Liu Yang, Gao Xinbo, Han Jungong, Shao Ling
IEEE Trans Cybern. 2023 Jun;53(6):3794-3805. doi: 10.1109/TCYB.2022.3164142. Epub 2023 May 17.
Zero-shot learning (ZSL) aims to classify unseen samples based on the relationship between the learned visual features and semantic features. Traditional ZSL methods typically capture the underlying multimodal data structures by learning an embedding function between the visual space and the semantic space with the Euclidean metric. However, these models suffer from the hubness problem and domain bias problem, which leads to unsatisfactory performance, especially in the generalized ZSL (GZSL) task. To tackle such a problem, we formulate a discriminative cross-aligned variational autoencoder (DCA-VAE) for ZSL. The proposed model effectively utilizes a modified cross-modal-alignment variational autoencoder (VAE) to transform both visual features and semantic features obtained by the discriminative cosine metric into latent features. The key to our method is that we collect principal discriminative information from visual and semantic features to construct latent features which contain the discriminative multimodal information associated with unseen samples. Finally, the proposed model DCA-VAE is validated on six benchmarks including the large dataset ImageNet, and several experimental results demonstrate the superiority of DCA-VAE over most existing embedding or generative ZSL models on the standard ZSL and the more realistic GZSL tasks.

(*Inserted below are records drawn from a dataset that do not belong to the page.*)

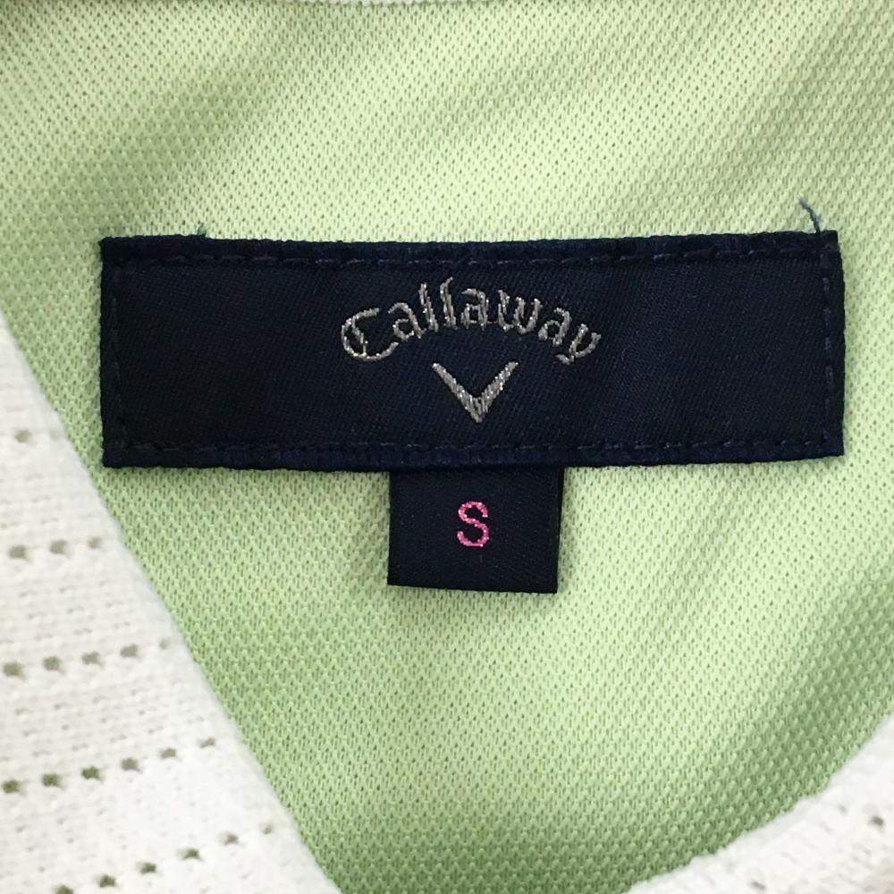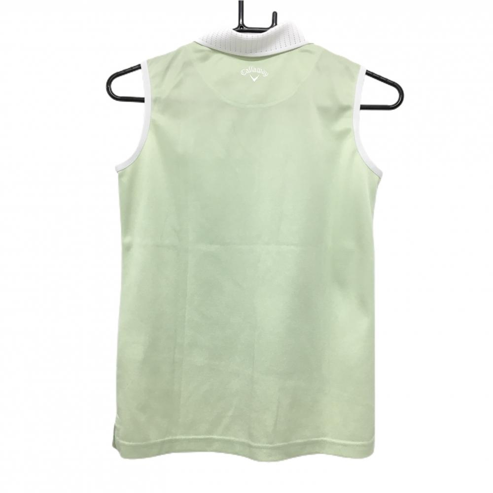 【超美品】キャロウェイ ノースリーブポロシャツ ライトグリーン×白 ロゴプリント 襟透かし編み レディース S ゴルフウェア Callaway
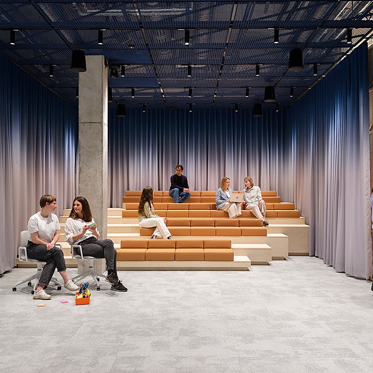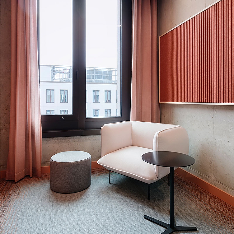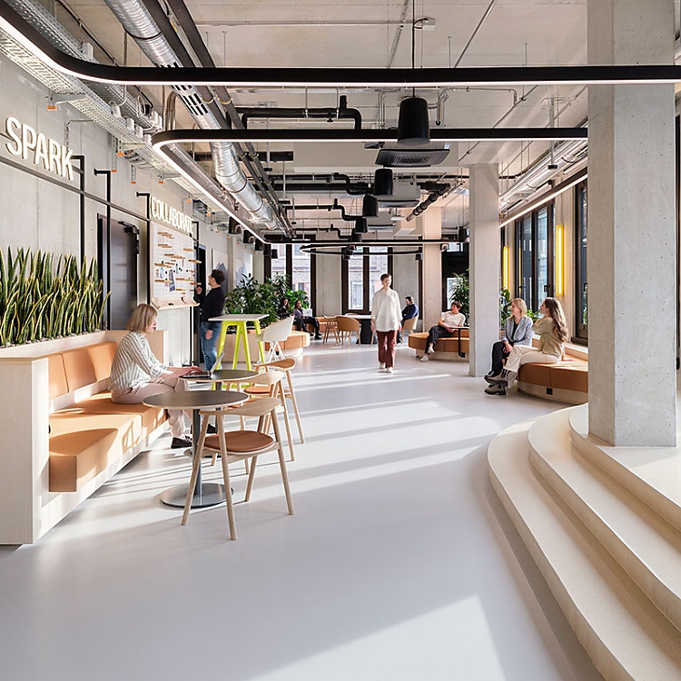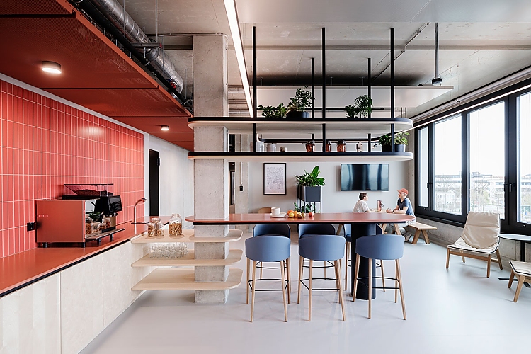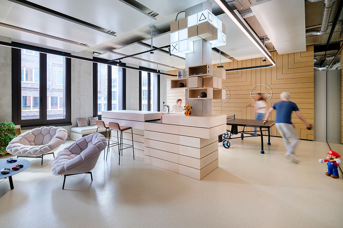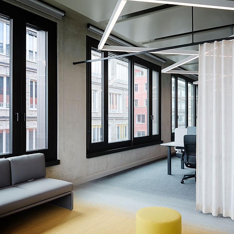 Die überwiegende Zahl der insgesamt ca. 220 Sitz- und Arbeitsgelegenheiten richtete Kinzo an Orten mit teilweise informellem Charakter ein, darunter Besprechungs- und Workshopräume, aber auch eine Bibliothek, Cafés und Gemeinschaftsflächen in unterschiedlichster Ausstattung und Möblierung – immer analog und digital funktional. Dabei charakterisieren einige wiederkehrende Ausstattungselemente die Räume, wie etwa der Bodenbelag. Im Erdgeschoss ist es durchgängig Beton, während in den Obergeschossen Teppichboden mit unterschiedlichen, farbigen Verläufen verlegt wurde. Der Farbcode: Gelb steht für Kollaboration, Dunkelgrau für Einzel- und Fokusarbeit und Rot oder Blau stehen für Kommunikation. Analog dazu sind die Decken in den Flurbereichen mit farbigen Streckmetallpaneelen verkleidet. Damit sich die Stockwerke optisch besser unterscheiden lassen, ist es in einem Stock oben Blau, unten Rot, im anderen Stock oben Rot, unten Blau. Ein weiteres Gestaltungselement sind die zahlreichen aufwendigen Einbauten, die zwischen Möbel und Innenarchitektur changieren und die auf verschiedenen Ebenen Funktionen wie Sitzgelegenheit, Empfang, Aufbewahrung oder Pflanzkübel umfassen.
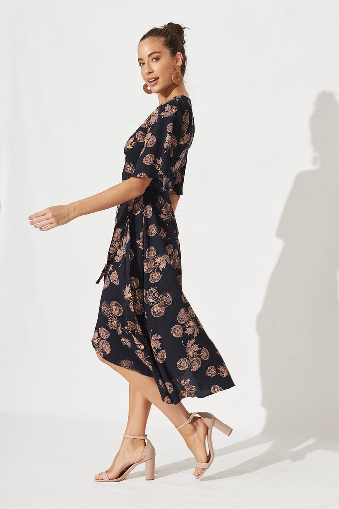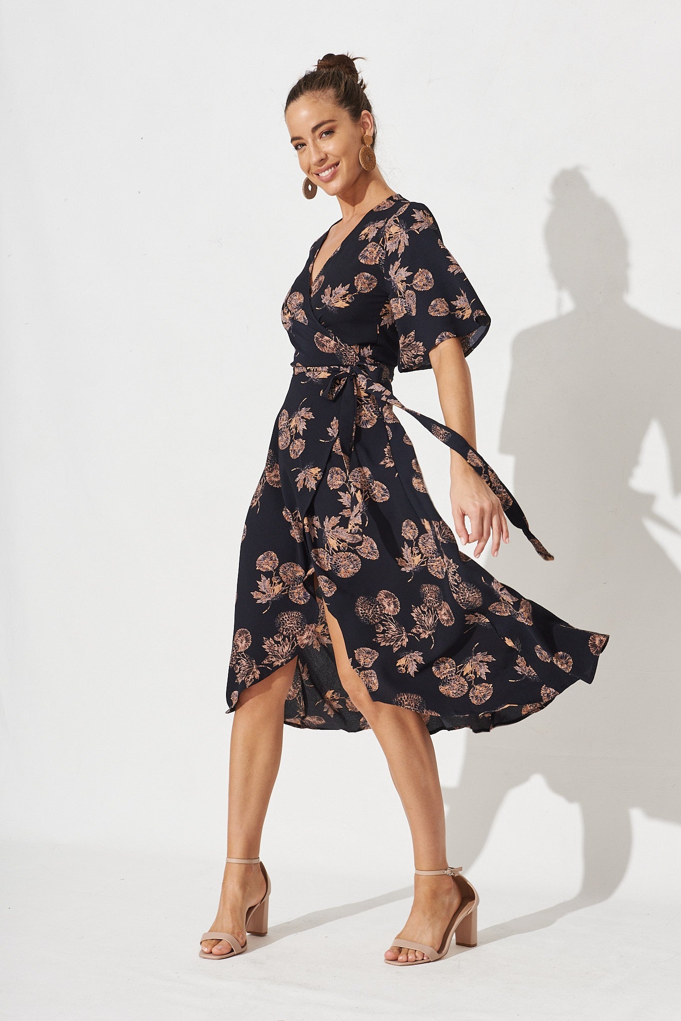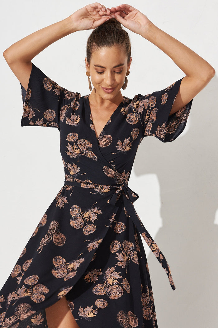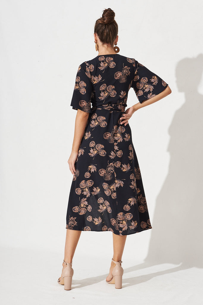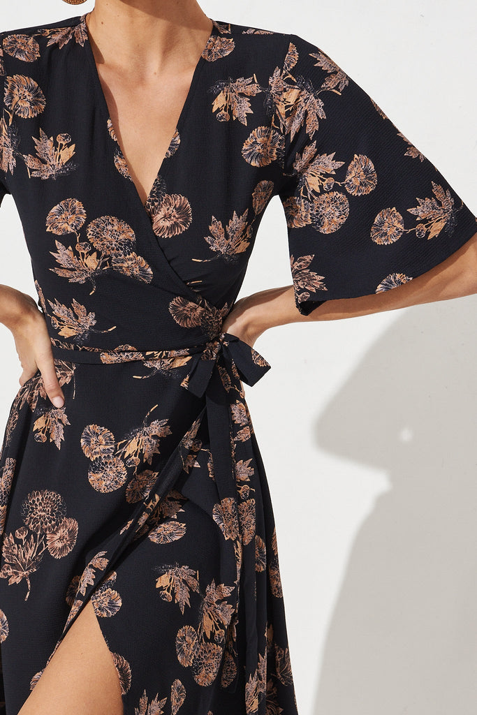 Bellerose Midi Wrap Dress In Charcoal With Apricot Floral
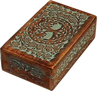 誕生日ギフトアイデア ハンドメイド 装飾木製ジュエリーボックス ツリーオブライフ 彫刻 ジュエリーオーガナイザー 記念品ボックス 宝箱 チェストトリンケットホルダー メモリボックス 腕時計ボックス 9 x 6インチ 記念日のギフト 彼女
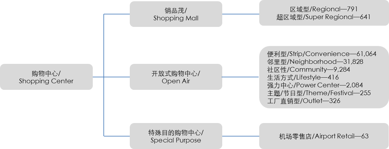 在美国购物中心中,沿街/便利购物中心(Strip/Convenience Center)、邻里购物中心(Neighborhood Center)和社区购物中心(Community Center)是数量最多的三类购物中心,占比分别达到了57%、30%和8%,平均面积从13,684平方英尺(约1271平方米)到195,612平方英尺(约18172平方米)不等,相比其他类型的购物中心,很明显,美国大部分购物中心是小型化的。
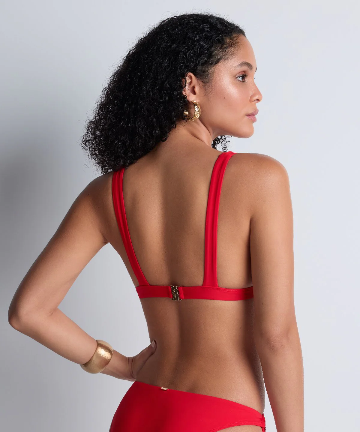 Déployant sa matière recyclée confortable jusque sur l’épaule, le haut de maillot de bain triangle Summer Essence crée un décolleté vertigineux, souligné à l’entregorge par un anneau graphique et sexy. Dans le dos, les bretelles larges confèrent à l’ensemble un effet sculptural et structuré pour une silhouette tout en sophistication.
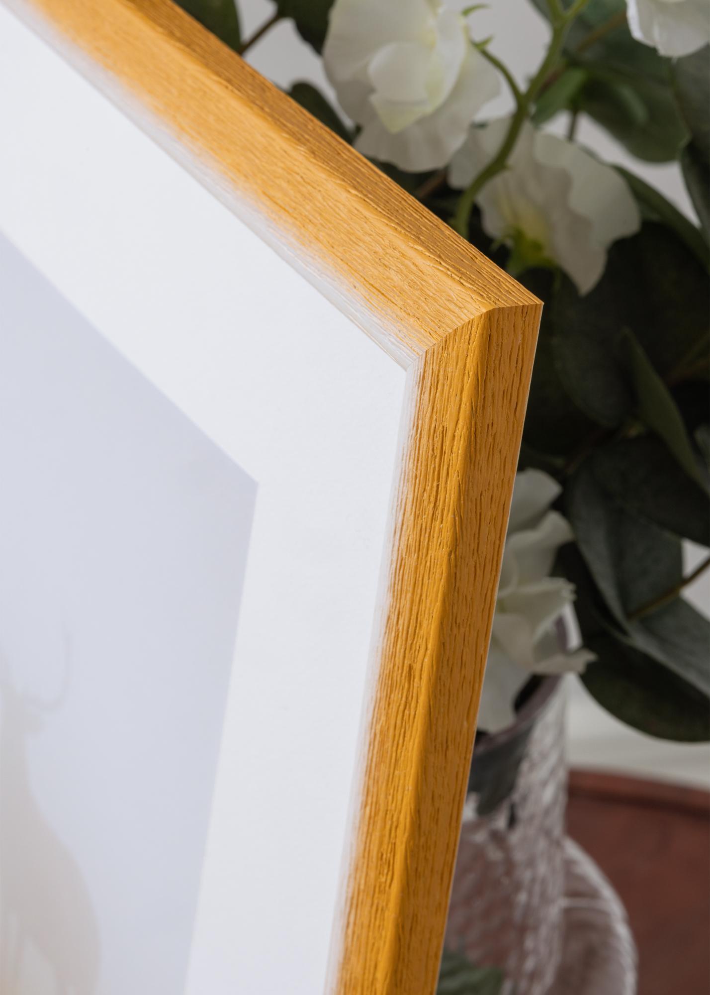 Den här fotoramen i storleken 30x30 cm är en perfekt kombination av modern design och klassisk elegans. Med sin varma gula ton och släta yta framhäver den den naturliga trästrukturen på ett subtilt sätt. Den smala profilen, med en ramlist på 23 mm, ger ett stilrent och avskalat uttryck som låter ditt motiv stå i centrum.
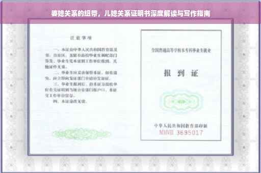 随着社会的进步和婚姻观念的转变,家庭关系日趋复杂化,在众多的家庭关系中,婆媳关系一直是一个经久不衰的话题,本文将围绕“儿媳关系证明书”这一主题,探讨在现代家庭中,儿媳角色所面临的挑战、应对策略以及家庭成员间的相互理解和尊重。
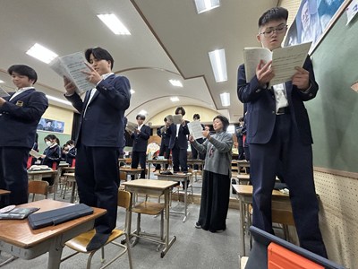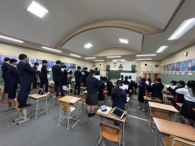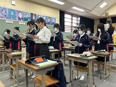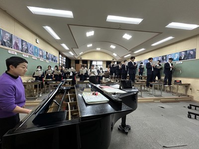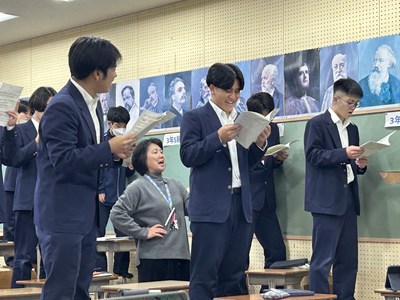 とてもきれいな歌声が響いてきたので音楽の授業を見に行きました。3年5組が卒業式の合唱の練習をしていました。亜紀先生と一緒に中文連の由紀先生もアドバイスしてくれました。この仲間と一緒に迎える感動いっぱいの卒業式が目に浮かびました。
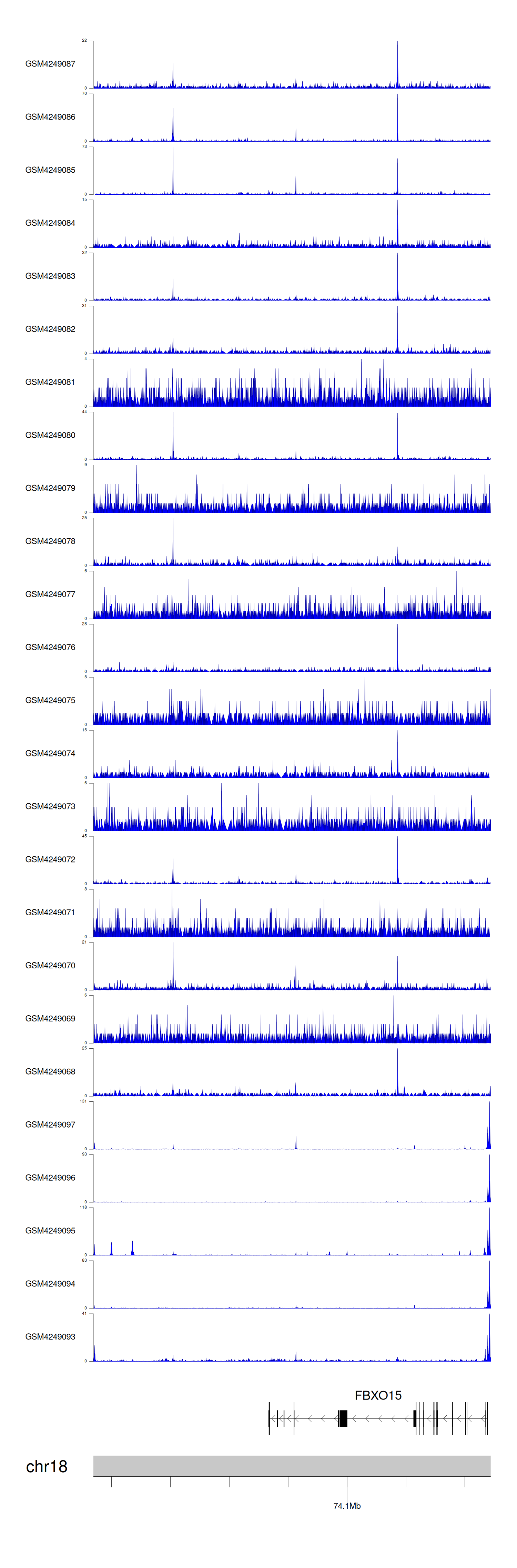 > Dataset: GSE143026 - FBXO15 peak across samples
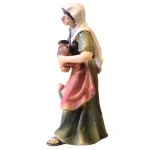 Donna con anfora e oca realizzata in resina, adatta a presepi con statue da 8 cm. La figura raffigura una donna in cammino che stringe al petto un’anfora, mentre un’oca la segue ai piedi, creando una scena domestica semplice e quotidiana. La postura è leggermente inclinata in avanti, con un’espressione serena e attenta. La lavorazione è curata nei dettagli del volto, dell’abbigliamento e dell’animale, con tonalità morbide e realistiche. Ideale per ambientazioni di villaggio, cortili o zone rurali del presepe.
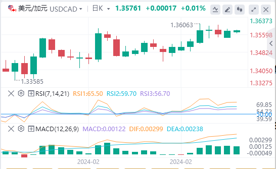 美元/加元周一小幅走高。黄金和原油市场的疲软正在打压与大宗商品挂钩的加元的需求。周三加拿大央行利率声明和利率决定之前的不确定性也推动了波动。
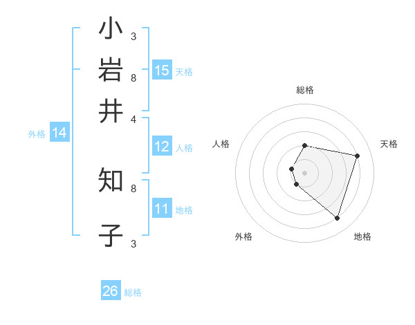 小岩井 知子さんの総格は26画の2点!
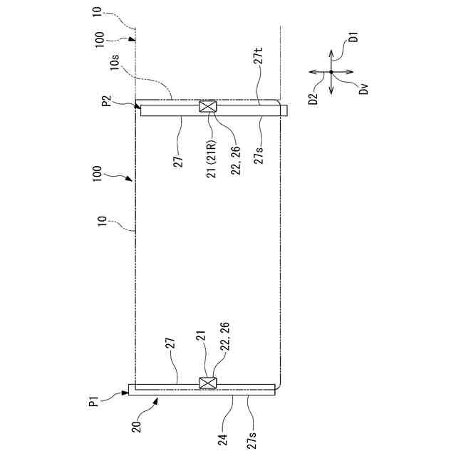 前記支持構造体の各々の前記下部延在部における前記幅方向の内側の縁部は、前記接続部における前記幅方向の内側を向く内向面に対し、前記幅方向の外側に偏って配置されている
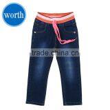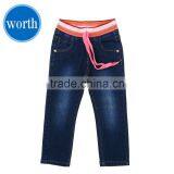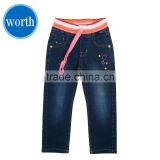 - 2016 Latest Fashion Fancy Printed Dark Wash Girls Denim Pant Slim Fit With Belt #9R5792
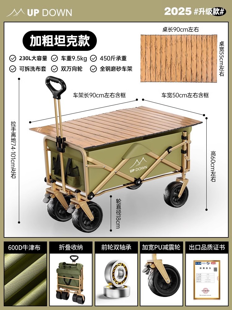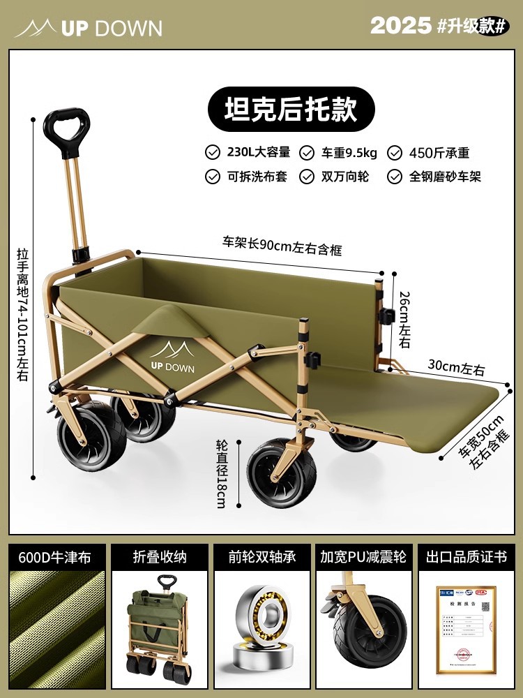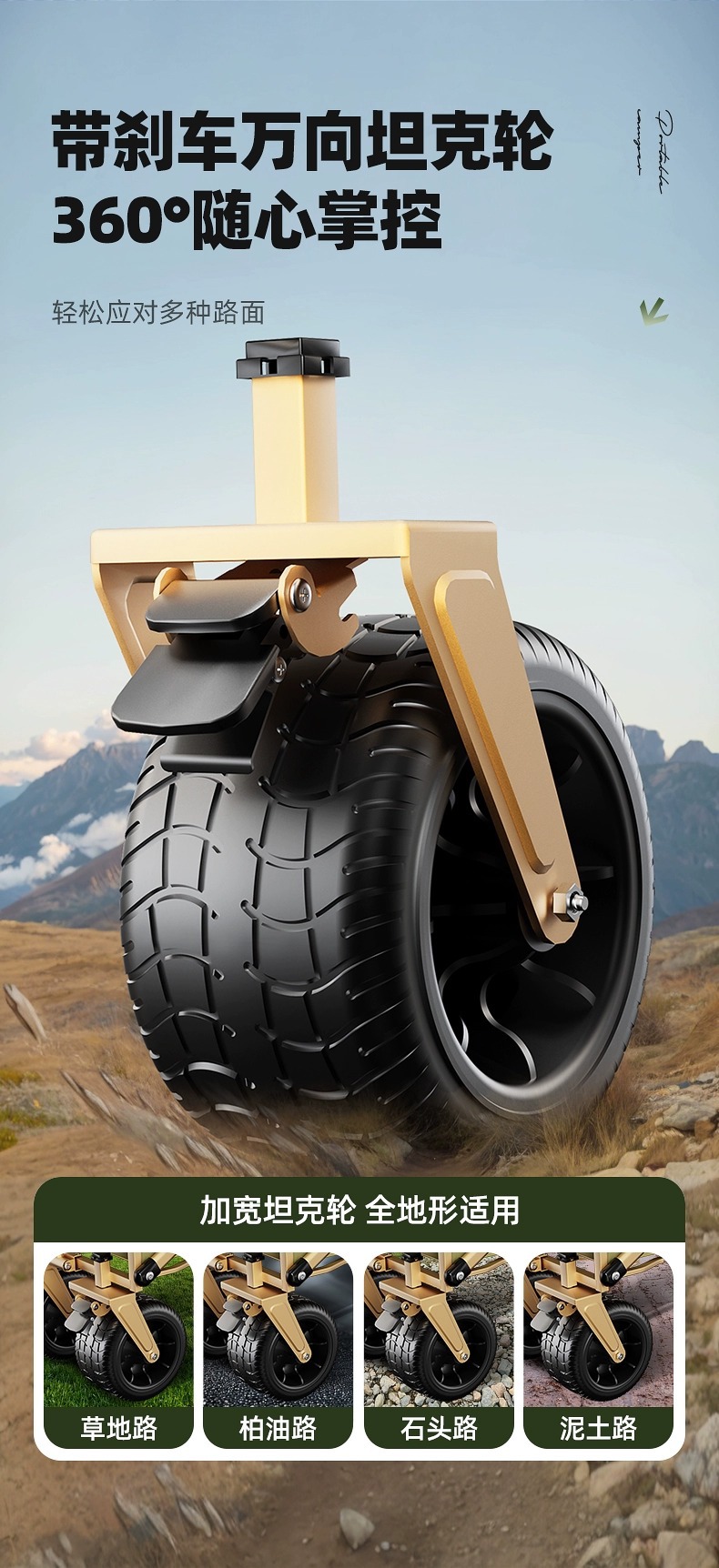 • [탱크 리어 지지대] 7cm 더블 브레이크 대형 타이어 + 확대된 올스틸 프레임 + 앞바퀴 이중 베어링 + 대용량 + 휴대용 수납..

零样本学习(ZSL)旨在基于所学视觉特征和语义特征之间的关系对未见样本进行分类。传统的ZSL方法通常通过学习具有欧几里得度量的视觉空间和语义空间之间的嵌入函数来捕获潜在的多模态数据结构。然而,这些模型存在枢纽性问题和域偏差问题,这导致性能不尽人意,尤其是在广义ZSL(GZSL)任务中。为了解决此类问题,我们为ZSL制定了一种判别式交叉对齐变分自编码器(DCA-VAE)。所提出的模型有效地利用了一种改进的跨模态对齐变分自编码器(VAE),将通过判别余弦度量获得的视觉特征和语义特征都转换为潜在特征。我们方法的关键在于,我们从视觉和语义特征中收集主要判别信息,以构建包含与未见样本相关的判别多模态信息的潜在特征。最后,在包括大型数据集ImageNet在内的六个基准上对所提出的模型DCA-VAE进行了验证,一些实验结果证明了DCA-VAE在标准ZSL和更实际的GZSL任务上优于大多数现有的嵌入或生成式ZSL模型。